Compartilhei com um amigo meu, e o máximo que consegui foi 4M com visada e semi 2M, mas nas horas mais quentes do dia ou chuviscando nilll nem google abria. Fora isso abria you tube com facilidade sem travar.
Uma tinha 150 metros e outra 400 metros, e esses roteadores domésticos só aguentam 4 a 6 meses para esse fim e o que mais aguentou foi o Edimax( 3 anos).

----------


## luti1901

Eu nunca recomendo ptp sem visada. Mas testei dias atraz um ptp de 140 metros com 2 bullet 2 com grade 24dbi vizada totalmente obstruida por uns 100 de mato. Pra minha surpresa sinal -25 -28 ccq 100% ping 2ms. Passando 1mb. Usei bullet pra ter mais controle. Mas da pra arriscar com airlive de r $ 45,00 do mercado livre.(ñ vi q precisava de 10Mb )

----------


## muttley

Tem que ser sem obstáculos! E pra passar 10 megas com antenas, radios wireless, tem 
que ser em modo N. 
E oque voce vai usar é em modo G. Que vai passar com sorte uns 8 megas! Mas nessa distância tão pequena, use dois nanoloco-M5.

----------


## avatar52

> 🤣🤣🤣🤣
> 
> Tá cada vez mais complicado acompanhar


Está cada vez mais triste esse fórum, essa é a realidade.

----------


## ozielinfo

Sinceramente nos dias de hoje alguém tentando esses equipamentos pré históricos, é que nem vc querer usar um Pentiun 100 pra rodar jogos com win10. Esses roteadores se vc usar dentro de casa e com dois ou 3 usando o ping sobre pra 800ms principalmente se algum dos dispositivos estiver rodando filmes.

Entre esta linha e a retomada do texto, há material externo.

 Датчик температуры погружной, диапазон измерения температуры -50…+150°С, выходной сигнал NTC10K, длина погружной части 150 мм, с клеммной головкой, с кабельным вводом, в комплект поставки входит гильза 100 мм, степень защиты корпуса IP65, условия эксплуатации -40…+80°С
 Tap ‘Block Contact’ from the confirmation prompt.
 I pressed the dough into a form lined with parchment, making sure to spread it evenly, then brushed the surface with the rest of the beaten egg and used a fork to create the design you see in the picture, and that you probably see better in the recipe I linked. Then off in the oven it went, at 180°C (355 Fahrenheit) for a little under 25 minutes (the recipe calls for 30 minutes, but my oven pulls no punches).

Uma dica se não quer gastar muito compre dois roteadores tplink 150mb instale o open wrt pra transformar ele em cliente e use as antenas que esta usando isso se tiverem em bom estado, mas se não quer incomodo compre 2 airgrid m5 e seja feliz! ( com distancia máxima de 2 km por causa da obstrução )

----------


## deson00

Com esse titulo desanimou

----------


## viatel

Não é por ai não galera, as frequencias mais baixas estão sendo mais cobiçadas pelas operadoras, tanto que forçaram o governo a acelerar a retirada das tv´s analogias do ar.

Não acham estranho algum projeto no Brasil andar tão "rapido" como está a tv digital e o desligamento dos transmissores analogicos. É só pensar um pouco que dar pra perceber cheiro de propina no "AR" ... kkkk

Mas com relação ao caso do amigo do topico realmente fica dificil desta forma que vc esta tentando, tem muitos fatores e os equipamentos não seriam estes realmente, tem que ver muitos detalhes, mesmo sendo um ponto a ponto simples vc teria que trata-lo como um profissional.

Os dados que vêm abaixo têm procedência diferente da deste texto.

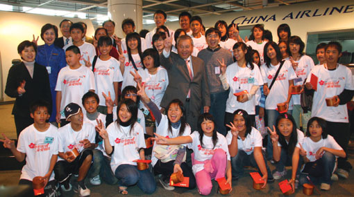 透過舉辦「小小空勤體驗營」,中華航空董事長魏幸雄(第二排中間)表示,「華航因各界的愛護與支持,目前已成為客貨運業績排世界第36大的航空公司,更盼望能用回饋社會的心,使世界之愛也能跨越國界的展開,因此在2007年決定與世界展望會進行合作,相信實現兒童的夢想,就是世界之愛無遠弗屆的開始。」

Mas se ainda quiser insistir tenta usar 2 bulet´s 2.4Ghz ao inves dos roteadores, porque usa chipset atheros, como foi dito talvez vc consiga passar 2 até uns 6 mega no maximo se conseguir ajustar as antenas e elas tem que ficar bem firmes.

----------


## 1929

Se você está querendo comparar 2.4 ghz com as frequencias mais baixas que serão liberadas, a comparação não vale, pois nenhuma operadora iria querer operar em 2.4 do jeito que é liberada, como frequencia não licenciada.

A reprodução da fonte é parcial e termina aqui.